Output the whole listing exactly, with no pictures.
[Opening INPUT DATA section]
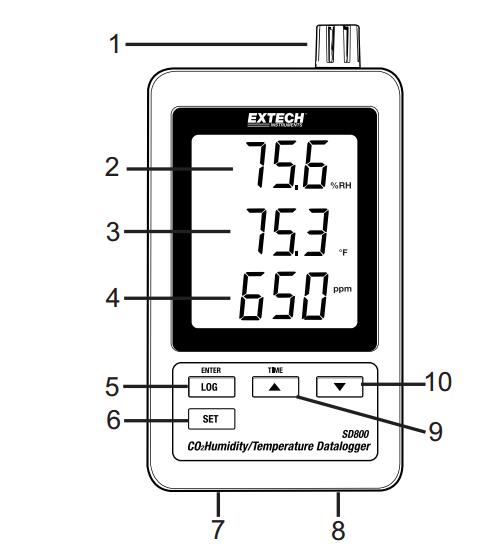 1.連接到數(shù)據(jù)記錄儀 CO2 探頭,由插頭插入底部連接器數(shù)據(jù)記錄器。
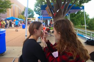 A volunteer painting a customer’s face at the face painting booth.
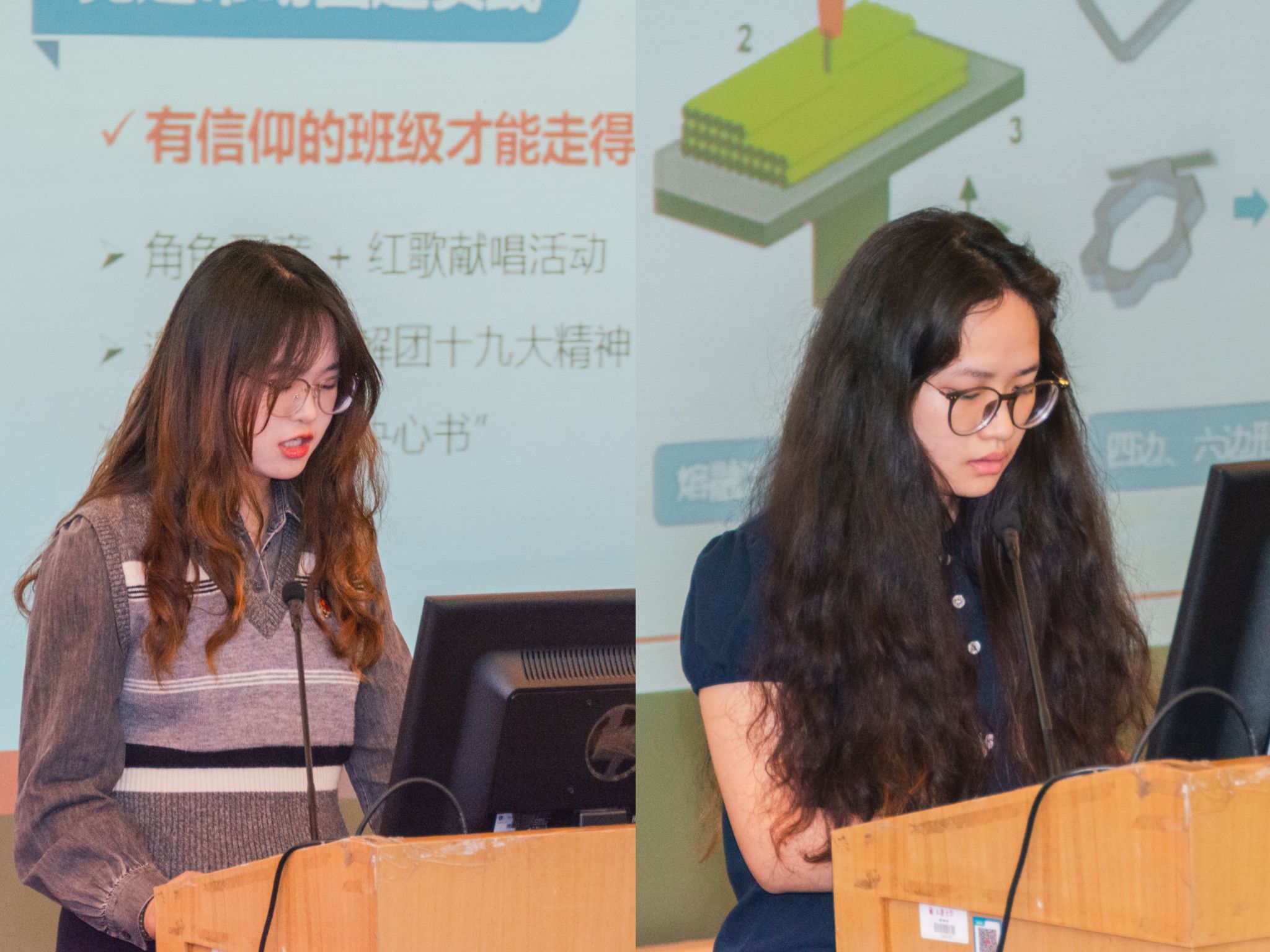 优干之星盛雨洁同学、科创之星杨倩同学作为获奖者代表,做了题为《以党建带班建,以初心促担当——“员工、班干、党员”三重身份的使命与实践》与《日就月将,学有缉熙于光明》的交流发言,分享了她们在班团活动、科创竞赛、党员身份实践等方面的经验与思考。
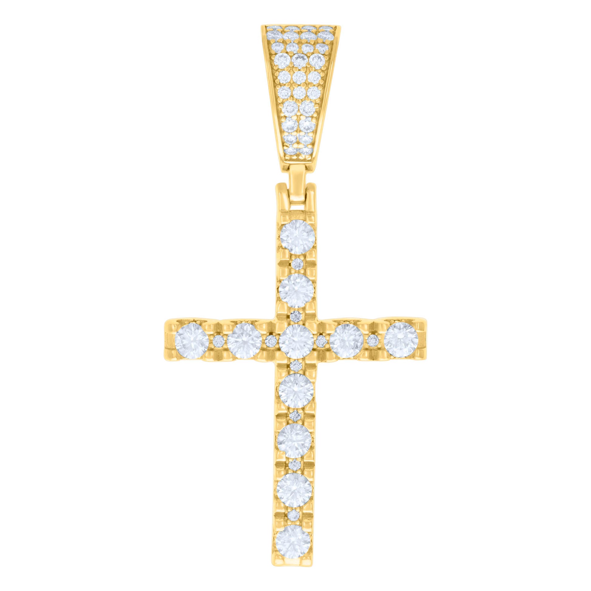 925 Sterling Silver Yellow-tone Unisex 2.04ct Moissanite Cross Religious Charm Pendant
[Closing INPUT DATA section]
→ SOLUTION FOR THIS EXERCISE
 1.連接到數(shù)據(jù)記錄儀 CO2 探頭,由插頭插入底部連接器數(shù)據(jù)記錄器。
 A volunteer painting a customer’s face at the face painting booth.
 优干之星盛雨洁同学、科创之星杨倩同学作为获奖者代表,做了题为《以党建带班建,以初心促担当——“员工、班干、党员”三重身份的使命与实践》与《日就月将,学有缉熙于光明》的交流发言,分享了她们在班团活动、科创竞赛、党员身份实践等方面的经验与思考。
 925 Sterling Silver Yellow-tone Unisex 2.04ct Moissanite Cross Religious Charm Pendant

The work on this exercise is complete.